Dalam beberapa hal memang demikian. Kegaduhan yang tak henti-hentinya dari kontingen Istana menunjukkan kepercayaan mereka terhadap tim muda multikultural yang dinamis yang dipimpin oleh seorang manajer berkulit hitam, yang mencerminkan komunitas lokal yang sangat dibanggakan oleh klub dan pendukungnya.
Mereka yakin Istana bisa menimbulkan kegaduhan.
Klub ini menghadapinya pada tahun 1990 Liverpool di Villa Park mereka melakukannya di babak play-off Brighton & Hove Albion dan Watford pada tahun 2013. Kali ini hal itu tidak terjadi di Wembley, namun yang terjadi bukanlah hasil yang luar biasa, melainkan cara kekalahannya, dengan dua tembakan tepat sasaran dan tidak terlalu membuat kita bersemangat.
Semuanya terasa sangat berbeda dari sebelumnya. Bahkan fans Palace yang paling percaya takhayul dan pesimis pun sama-sama bersemangat dan gugup menjelang semifinal Piala FA ini dengan Chelsea.
Sebelum pertandingan, mereka memiliki rasa antisipasi. Setelah itu, ada rasa kecewa karena mereka tampil dengan cara yang tidak mencerminkan musim pertama mereka yang menarik di bawah asuhan Patrick Vieira.

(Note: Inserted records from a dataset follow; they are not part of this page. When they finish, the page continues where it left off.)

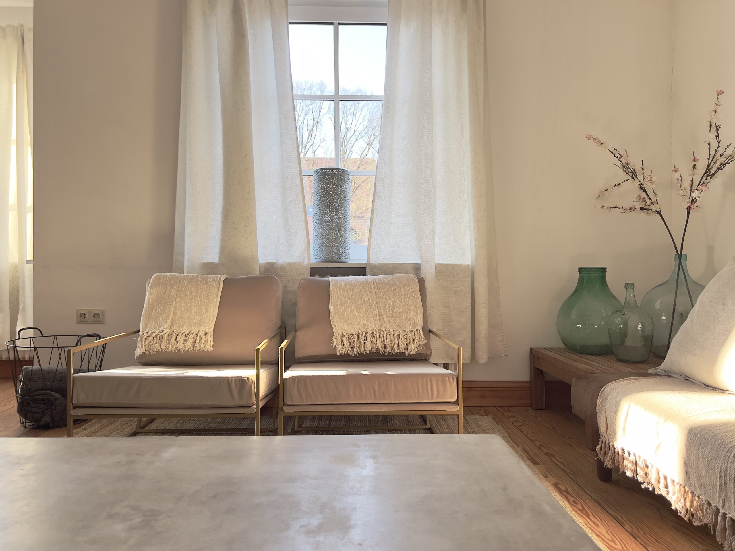 Die Wohnung Bel Etage befindet sich im historischen Amtshaus von Petersdorf im Westen der Insel Fehmarn
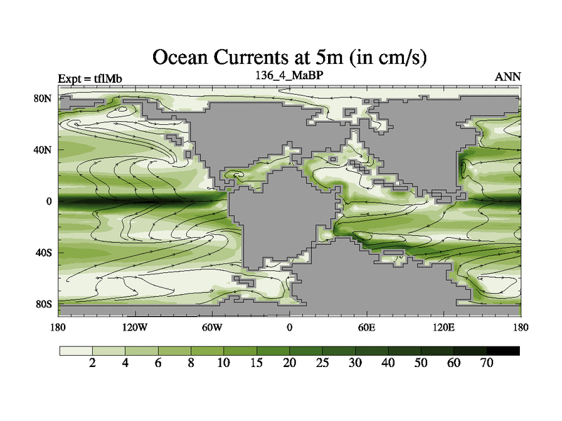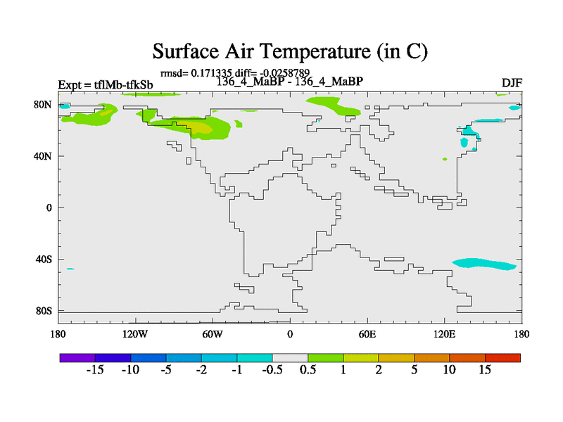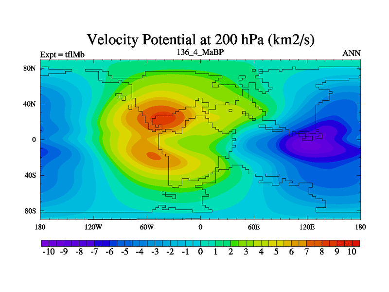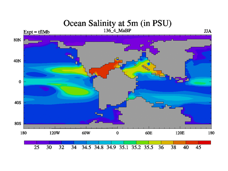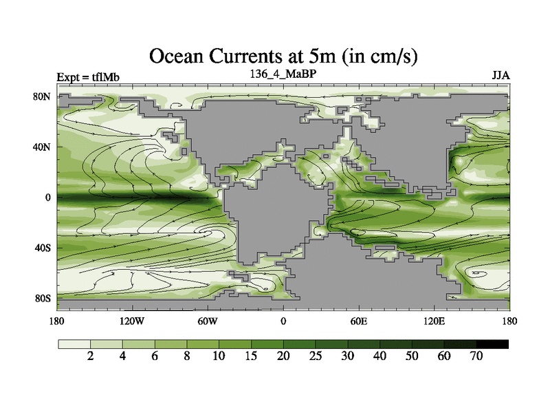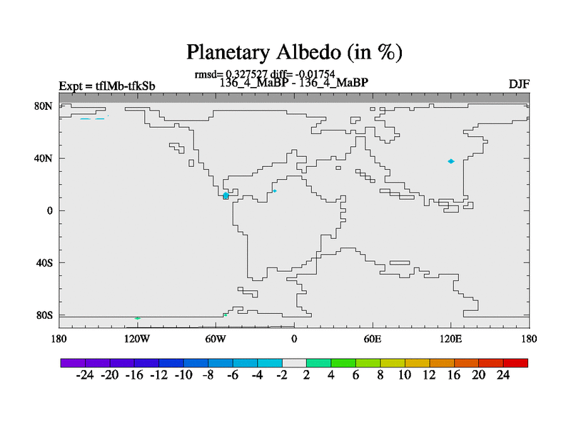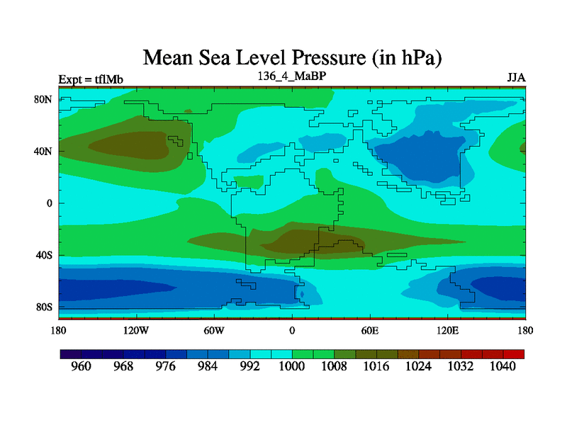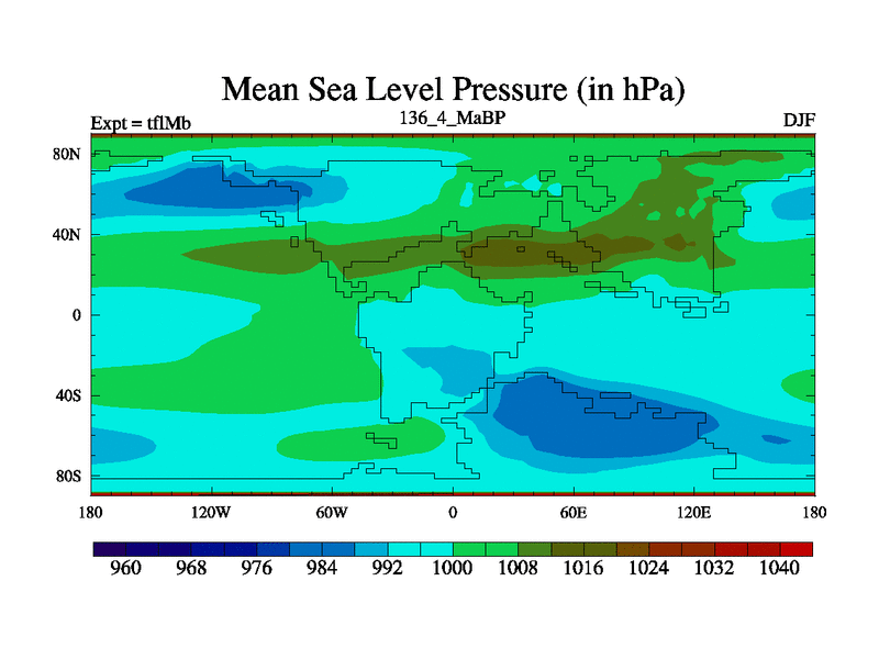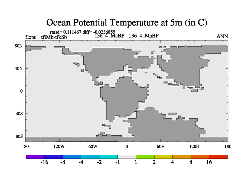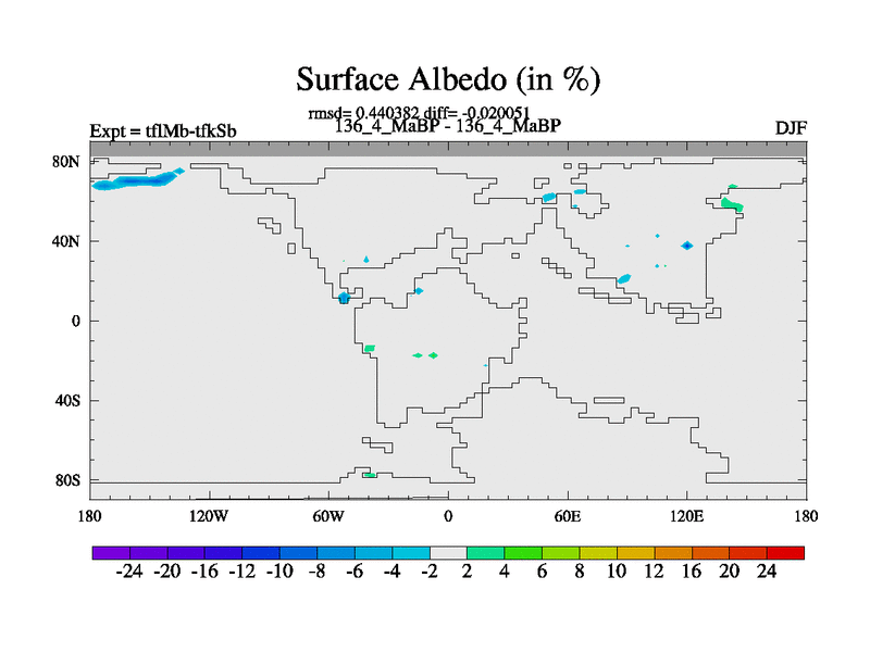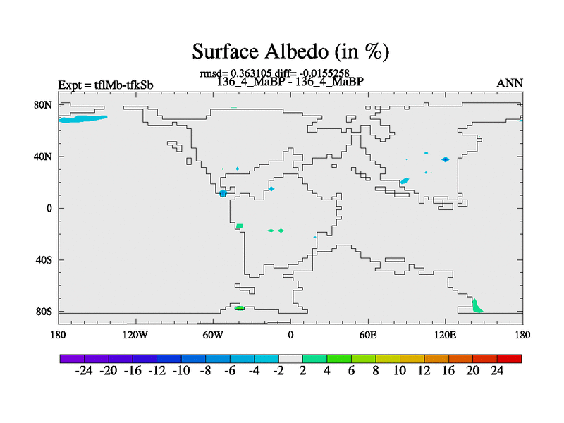 This is the 136.4 Ma simulation using the Scotese palaeogeographies and revised CCN etc. This version has islands and smoothing and desert albedo included. Tuned CO2 to give Scotese temperatures. Started from end of tfkSb. With JEDI output.
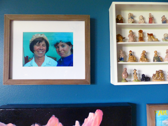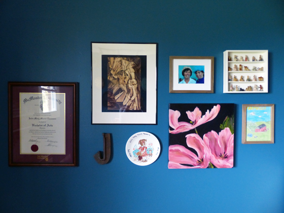 When it came to art, I wanted to display some of my favourite things–like this collection of vintage hats. My Mom taught me how to sew. She learned from her mother–the original owner of most of these hats. In fact, my great-grandmother made one of the hats that is hanging on the wall.
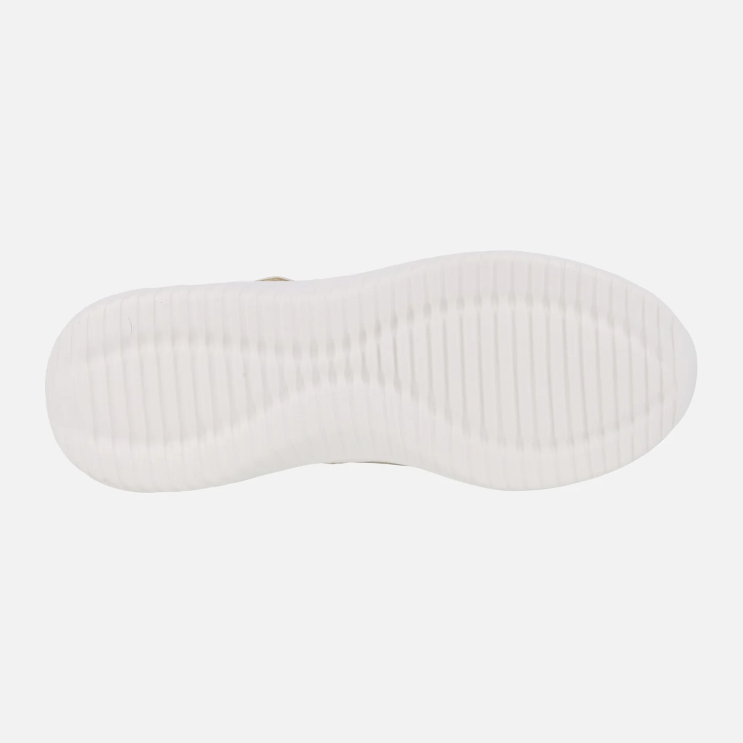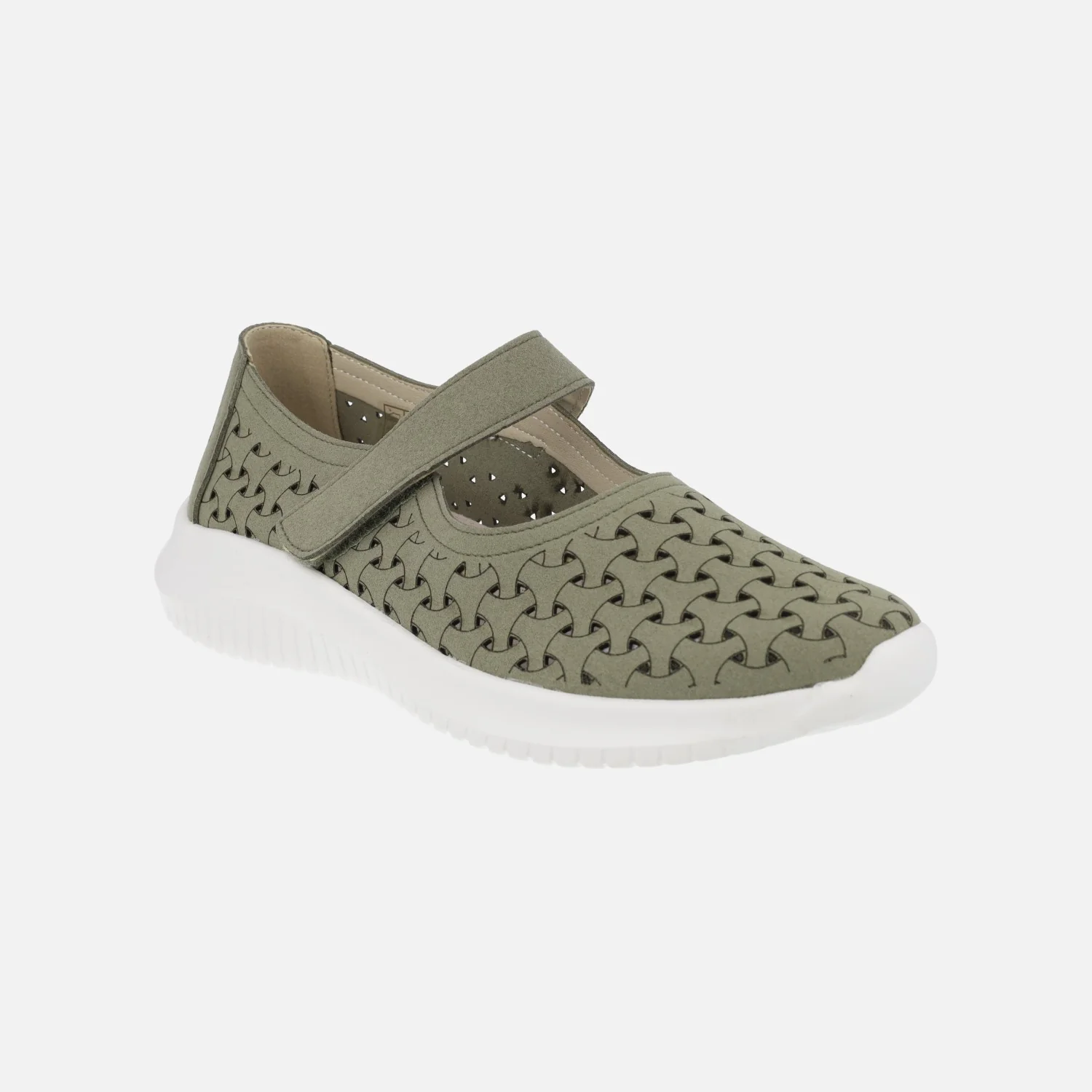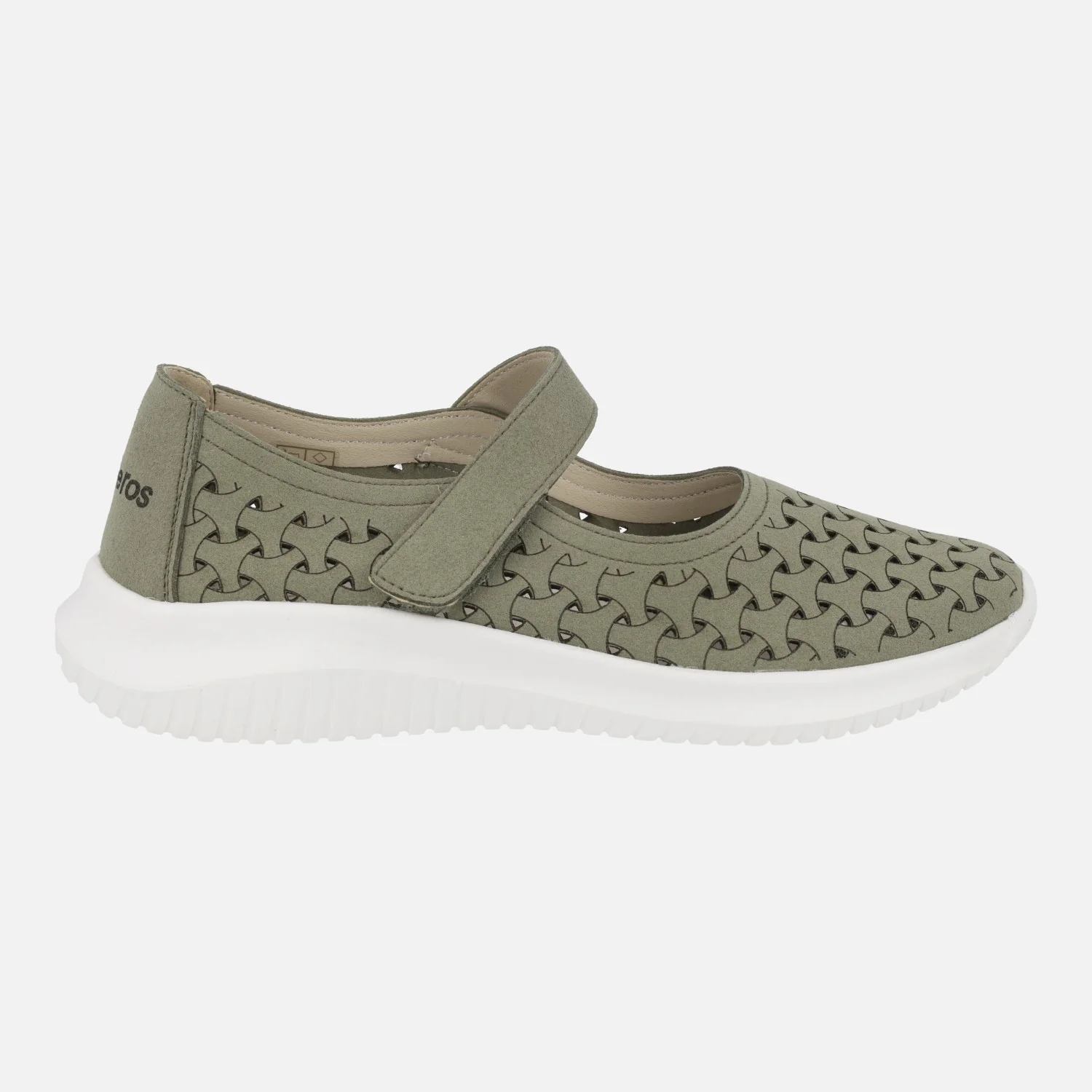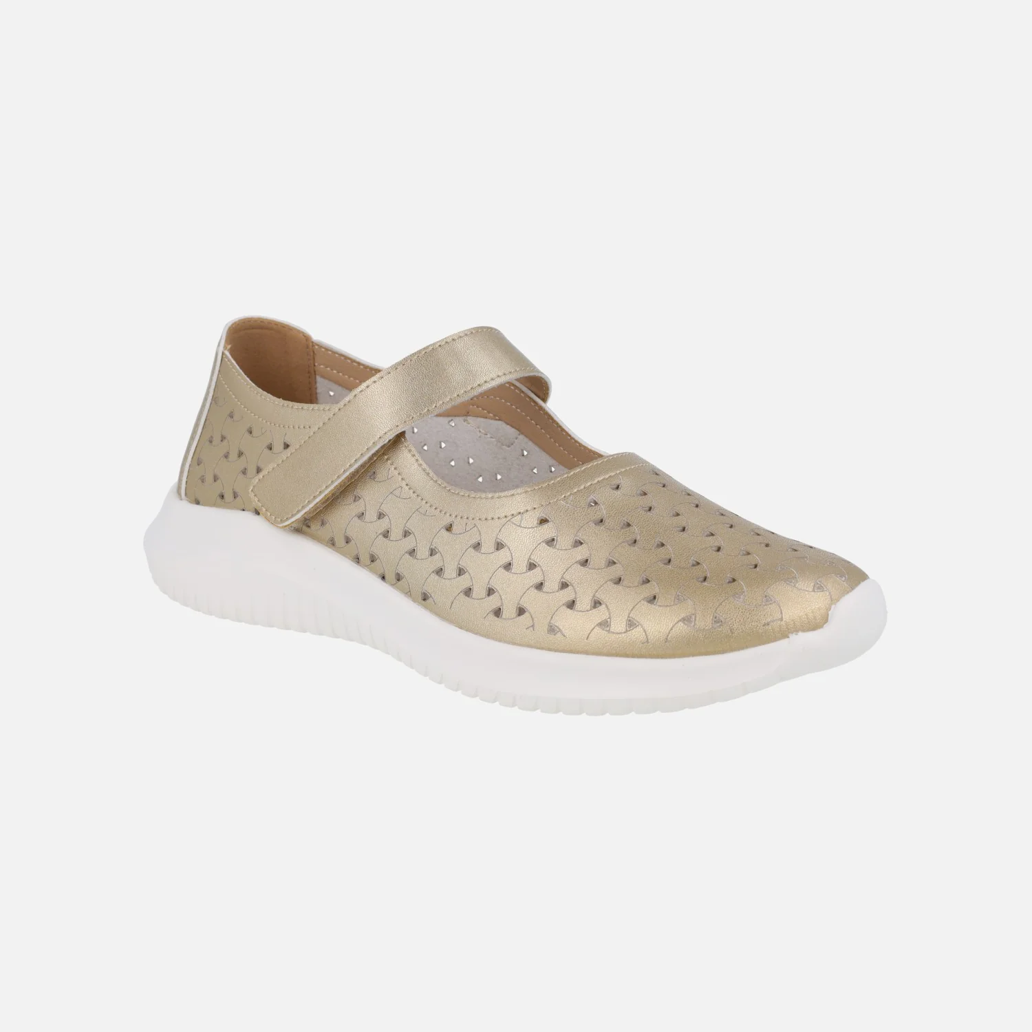 Zapatillas deportivas para mujer estilo merceditas de la marca Ecoligeros modelo Isa. Mercedes elaboradas en materiales sintéticos, con dibujos a láser y picados, cierre de velcro. Interiores en combinado de sintéticos y piel. Plantillas extraíbles. Piso de goma super ligero, con una altura trasera de 3 cms. Detalle de logo «Ecoligeros» grabado en el talón. Disponibles en oro, kaki, azul jeans y beige.
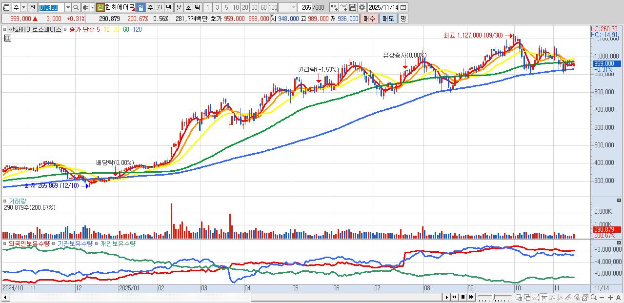 - 한화에어로스페이스 (955,000원 ▼ -0.1% , 시총: 492,430억, 거래량: 211,727, 거래대금:2,052억)
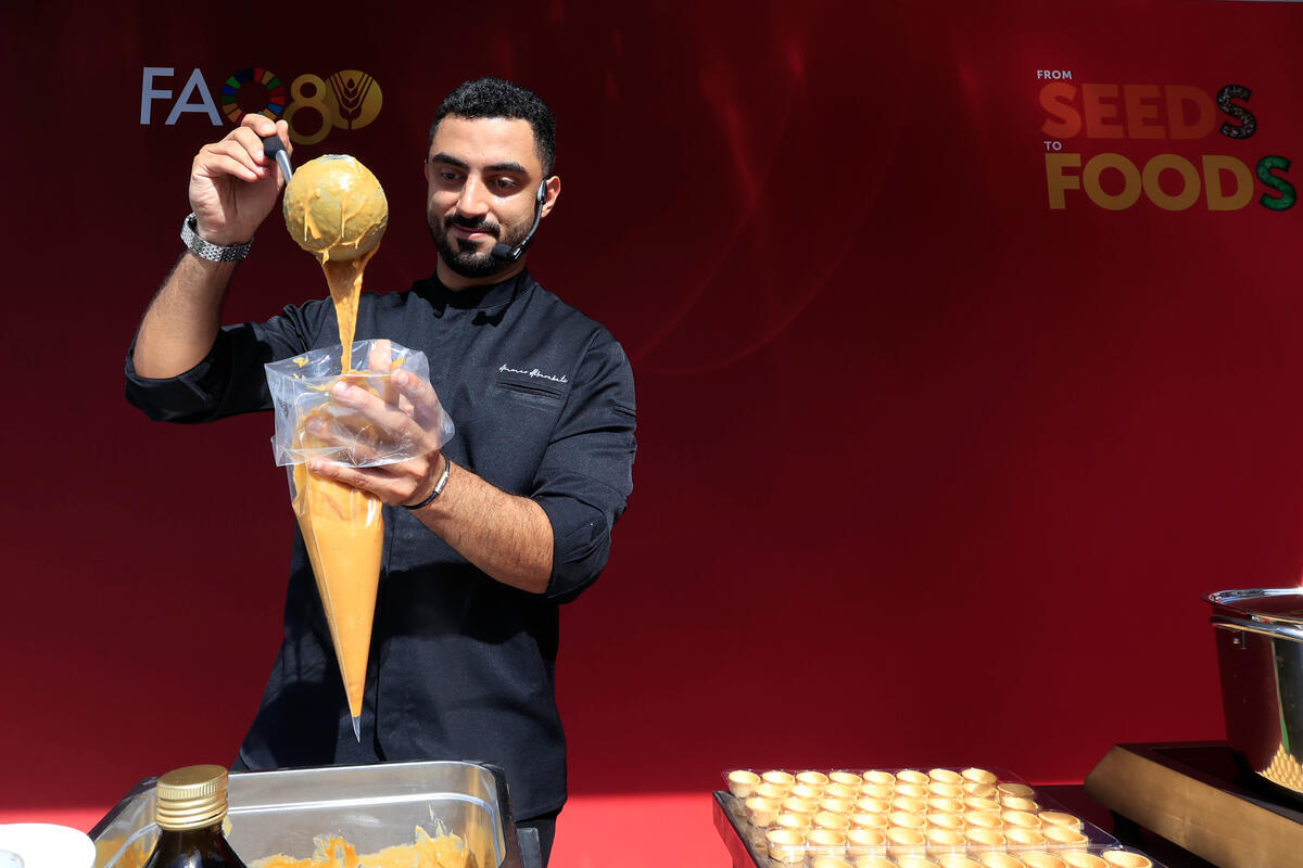 10 October 2025, Rome, Italy. Cooking show with Ammar Albarakati. FAO Global Exhibition: From Seeds to Foods. (Porta Capena Park). World Food Forum (WFF) 2025. The fifth edition of the World Food Forum (WFF), the largest annual gathering of agrifood systems stakeholders globally, runs at FAO headquarters in Rome from 10 to 17 October 2025.
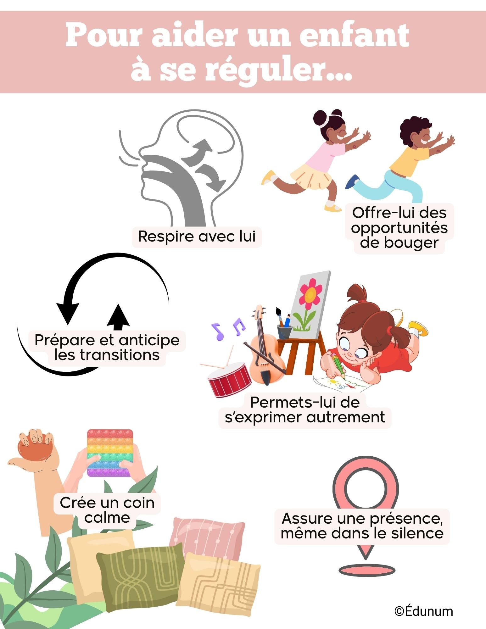 🌿 Pour qu’un enfant apprenne à se réguler, il a d’abord besoin de conditions favorables : un cadre rassurant, un espace pour se ressourcer, des opportunités de bouger, et la possibilité de s’exprimer autrement.
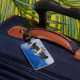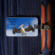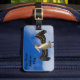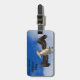 Um pelicano com asas largas, etiqueta de bagagem que você pode personalizar com seu nome e endereço em ambos os lados, se quiser.

Mencapai final Piala FA ketiga dalam sejarah klub selalu menjadi tugas yang sulit. Juara dunia dan Eropa memiliki kemewahan untuk menempatkan striker senilai £97,5 juta di bangku cadangan. Sungguh ironi yang kejam Ruben Loftus-Pipiseorang pemain yang dihormati di London Selatan karena masa pinjamannya yang luar biasa pada 2017-18, Dialah yang mematahkan perlawanan keras Palace di babak kedua.
Pengaruh Vieira di tim ini, dan kemajuan yang mereka capai di bawah kepemimpinannya, tidak dapat disangkal. Penghargaan juga diberikan kepada tim perekrutan yang dipimpin oleh direktur atletik Dougie Freedman, yang memperoleh pemain-pemain yang berprestasi sepanjang musim.
Super @OfficialVieira datang dalam berbagai bentuk dan ukuran.@CPFC #EmiratesFACup pic.twitter.com/qyMAueDNxZ
— Piala FA Emirates (@EmiratesFACup) 17 April 2022
Hampir sepanjang musim ini, para penggemar Palace menikmati menyaksikan tim mereka berhadapan dengan lawan. Mereka menentangnya Manchester Kota di Etihad dan menang 2-0, mereka menghadapinya di Selhurst Park Tottenham Hotspur Dan Gudang senjata dan memenangkan kedua pertandingan 3-0. Mentalitasnya adalah bahwa tidak ada seorang pun yang tidak terkalahkan, dan membawa pertandingan ke tim-tim ini tidak berarti kekalahan yang tak terelakkan.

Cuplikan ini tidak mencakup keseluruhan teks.